Amite County Bi-centennial Event | SouthernPaddler.com

Amite County Bi-centennial Event

islandpiper

Well-Known Member
After being contacted and contracted over a year ago for this gig it
finally came to pass. it was the Bi-centennial of Amite county and
Liberty Ms. and it was a great time.

Anyway, i lieu of my standard uniform i got to wear someihing closer
to the 79th New York Reg., the only Union outfit that at least started
the war of Northern Agression in kilts.

It was very interesting for this old, yankee-born piper to blend in
with the Confederates for a day. The march to the Confederate
Memorial, the laying of the wreaths and the Toast to the Fallen were
very moving.

In the North, the Civil war was always taught as just some event in
the past. In Liberty, the past has meaning, the fallen are
remembered by name 147 years later, the wrongs committed against a
peaceful agrarian community are still a burden. I've played with
tears on my face before and did it again today.

DSC00477copy.jpg
 

Wannabe

Well-Known Member
Apr 5, 2007
2,645
2
on the bank of Trinity Bay
Keith,
After reading your post I called my brother in law (we are both members of the Sons of Confederate Veterans). He is the one I told you about that had pipelined in the Iorn River region. We would like permission to reprint your post in our newsletter. Thanks for the post.
Bob
 

islandpiper

Well-Known Member
Mr Williams: sure, go for it. It was a moving experience.

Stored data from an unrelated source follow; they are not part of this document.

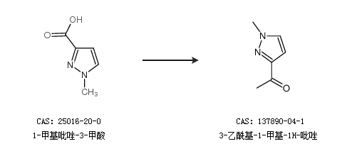 1.通過1-甲基吡唑-3-甲酸合成3-乙酰基-1-甲基-1H-吡唑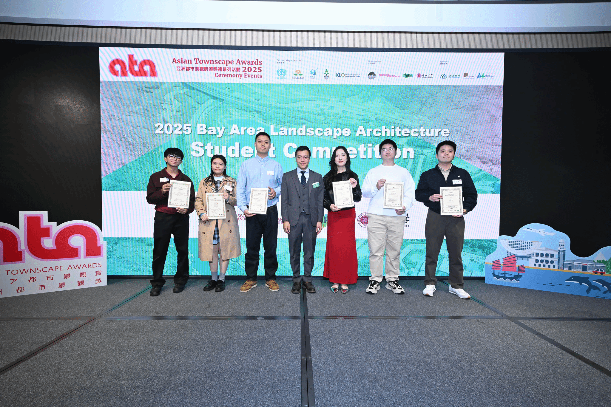 11月27日,由亚洲人居环境协会等联合主办,联合国人居署、中国风景园林学会等支持的2025国际湾区风景园林学生大奖赛颁奖典礼在中国香港举办,竞赛以“韧性・未来・风景园林的变革力量”为主题,全球48所院校百余件作品参赛。建筑学院风景园林系教师王迪指导的马浩嘉、师奇、刘智腾、李霁野、朱思妍本科生团队作品《河脉韧链·锈岸新织:泾渭灞三河流域滨水空间景观设计》荣获鼓励奖。该设计聚焦气候变化背景下的西安渭、灞、泾三河交汇区域,提出了融合雨洪管理、生态修复与空间活力的弹性景观策略,显示出应对复杂环境问题的前瞻性设计能力。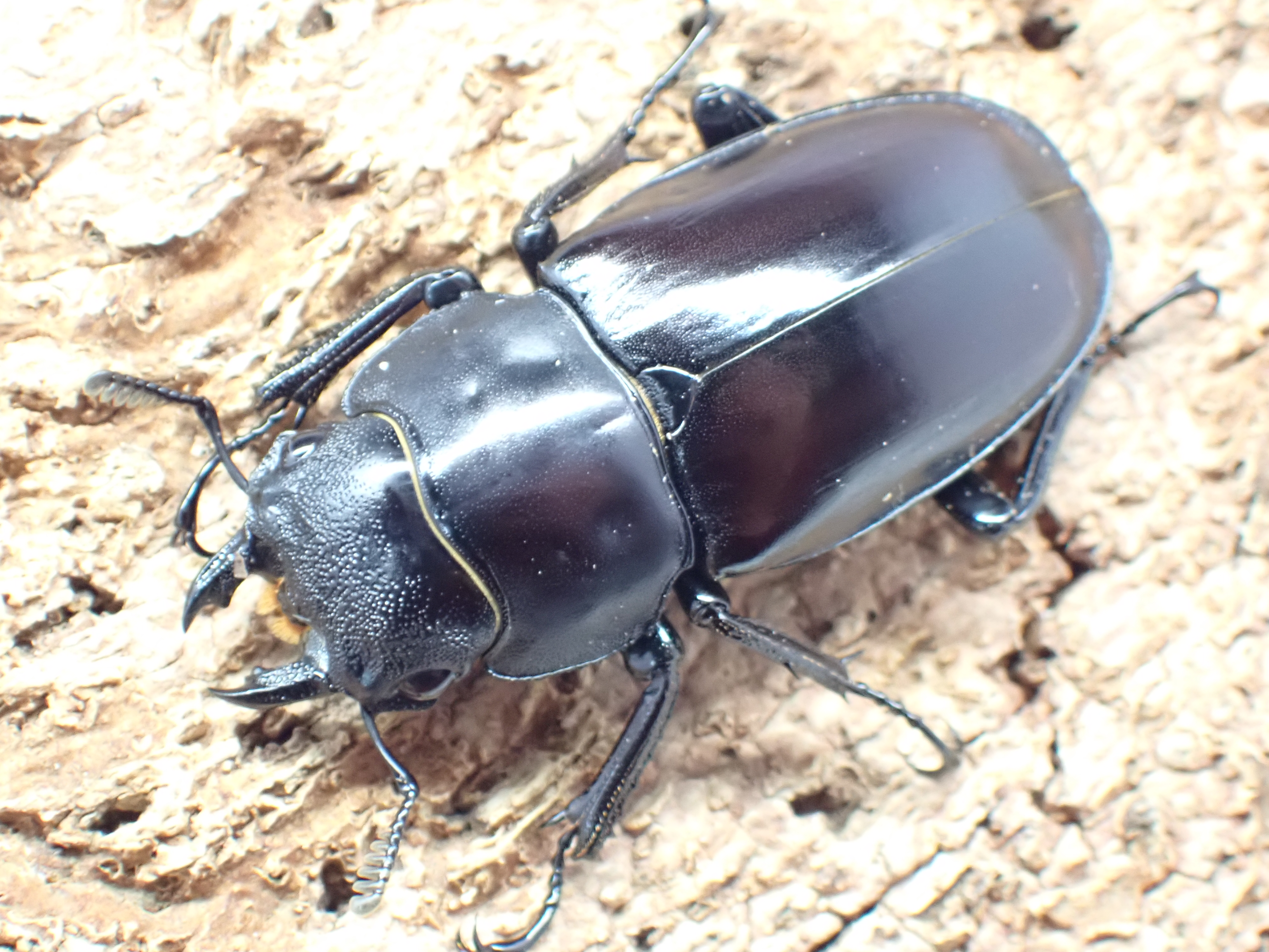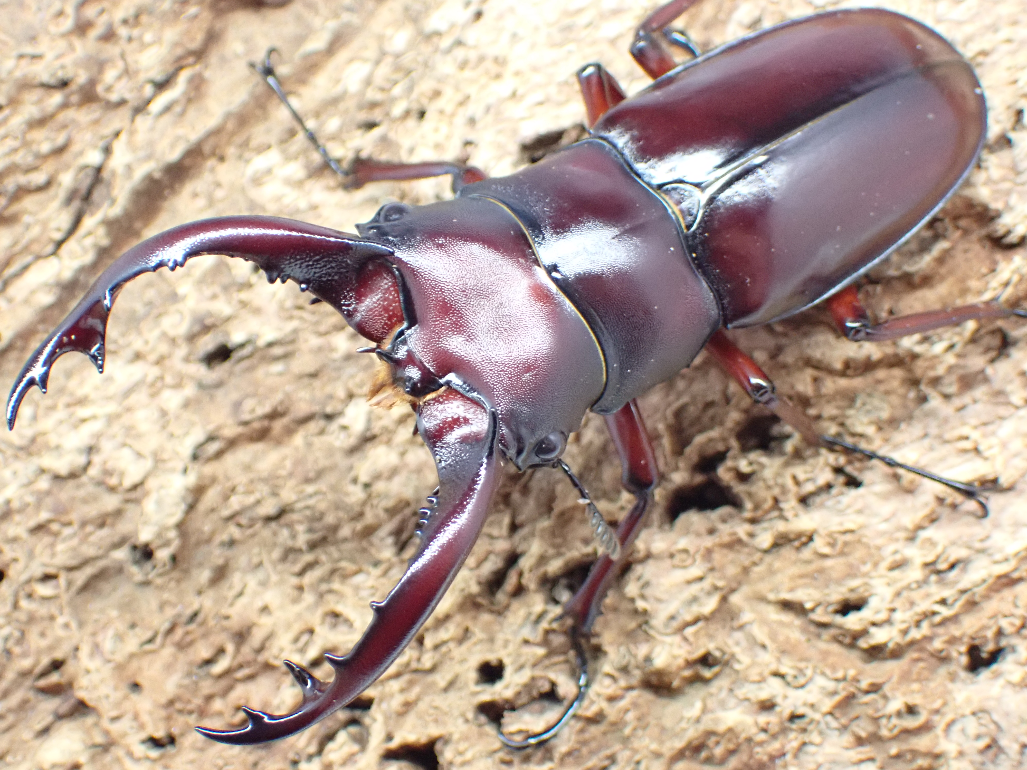 赤褐色~黒褐色で光沢があり、大アゴは立体的で、基部付近にはシカクワガタのように上下に大きく鋭い突起があります。

The Confederate Monument was erected in 1866, on donated land next to the Presbyterian Church, which had seen duty as a field hospital during the two battles there. Under the carpet in the sanctuary are bloodstains where wounded and dying men were laid out.

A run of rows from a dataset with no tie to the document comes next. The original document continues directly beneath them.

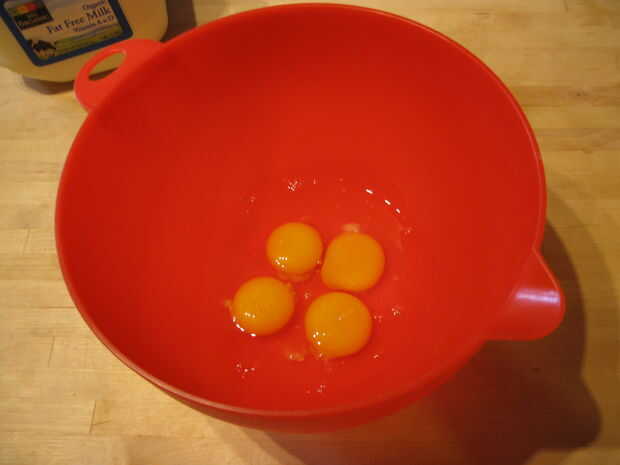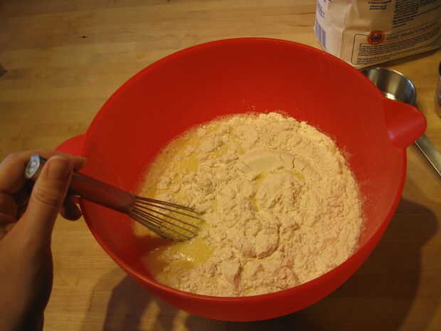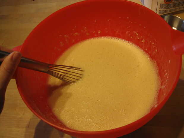 Batir los huevos, batir en la leche, batir la harina. Usted debe tener una masa bastante fina, un poco más gruesa que batir, sin muchos grumos (aunque algunos bultos son aceptables).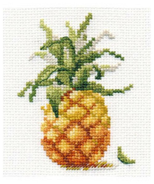 Вышивание - популярное и увлекательное хобби, которое дарит радость и умиротворение. Набор для вышивания - самый удобный вариант вышивок, как для начинающих, так и для опытных мастеров. Ведь набор содержит все необходимые материалы для создания настоящего шедевра. Отличный результат гарантирован! Вышивке всегда можно найти практическое применение. А вышитая собственноручно готовая картина станет отличным подарком близкому человеку. Она будет радовать долгие годы, даря любовь и тепло. Набор для вышивания "Алиса" 0-165 "Ананас" 8 х 10 см. Тип ниток: хлопковые. Заполнение: Частичное. Количество цветов: 13. Схема: Цветная. Тема: Фрукты. Техника исполнения: Счетный крест. Тип канвы/ткани: К04 Aida №14 "Gamma". Цвет канвы/ткани: белый. Размер готовой работы: 8 x 10 см.
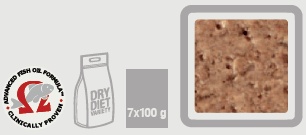 Bravčové, hovädzie, predželatínovaný ryža, ryby, vajcia, minerály (vrátane zeolitu), slnečnicový olej, vitamíny a stopové prvky, struky skorocelu štiavolistý (psyllium), repné odrezky, kvasnice (zdroj β-1,3 / 1,6-glukánov a mannan-oligosacharidov), taurín, metionín, extrakt z yuky. Neobsahuje umelé farbivá, aromatické látky ani antioxidanty.

In these times of "going with the flow" or total disregard for ideas, principles and liberty we must stand in awe of men, young and old, who took up arms to protect what they treasured, home and family.

Piper
 

jdupre'

Well-Known Member
Sep 9, 2007
2,327
40
South Louisiana
I had a similar moving experience while touring the Vicksburg Mississippi battlefield and cemetary. You can't help but be awed when you walk through the 10,00 graves there. That's just the soldiers that died there and the immediate vicinity to Vicksburg. 10,000 simple stone grave markers, over half of which were about 2 feet tall, and the rest about half that size. The shorter ones are for the unknown soldiers.
 

gbinga

Well-Known Member
Nov 7, 2008
736
2
Hoschton, GA
In Marietta GA, where I grew up, we have a Confederate and a Federal Cemetery. Huge battles were fought around there, leading up to the battle of Atlanta. Outnumbered and out-supplied, the Confederates fought dogged defensive battles against Sherman, who attacked with the relentless determination that he and Grant used to end the war.

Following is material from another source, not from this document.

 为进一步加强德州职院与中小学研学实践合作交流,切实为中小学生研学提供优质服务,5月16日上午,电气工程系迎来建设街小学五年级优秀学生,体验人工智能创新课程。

Walking around the Confederate Cemetery, you see sections with troops from a particular company/ brigade / regiment. Guys who all fell at the same time and place in a particular battle. Dozens of them.

These men were organized according to where they lived. They served side by side with other men from their home town or county. It is speculated that the incredible bravery shown by the soldiers in the Civil War was in part due to the fact that a man couldn't stop or run away in front of men he'd been raised with. It just wasn't done.

The way the troops were organized, a town or county could lose most of a generation of men in an afternoon. If the group was in the wrong place at the wrong time, they'd just get cut to pieces. Same deal with the Federals, at least for a large part of the war.

Looking at the markers, seeing one man after another from the same town, killed in the same place on the same day... it is heart rending.

Whether it was a German or Irish immigrant fighting to preserve the Union and end human slavery, or a dirt poor Southern farmer fighting for his State's right to determine it's own destiny without interference from outsiders, it is incredible what people will do for a cause they believe in.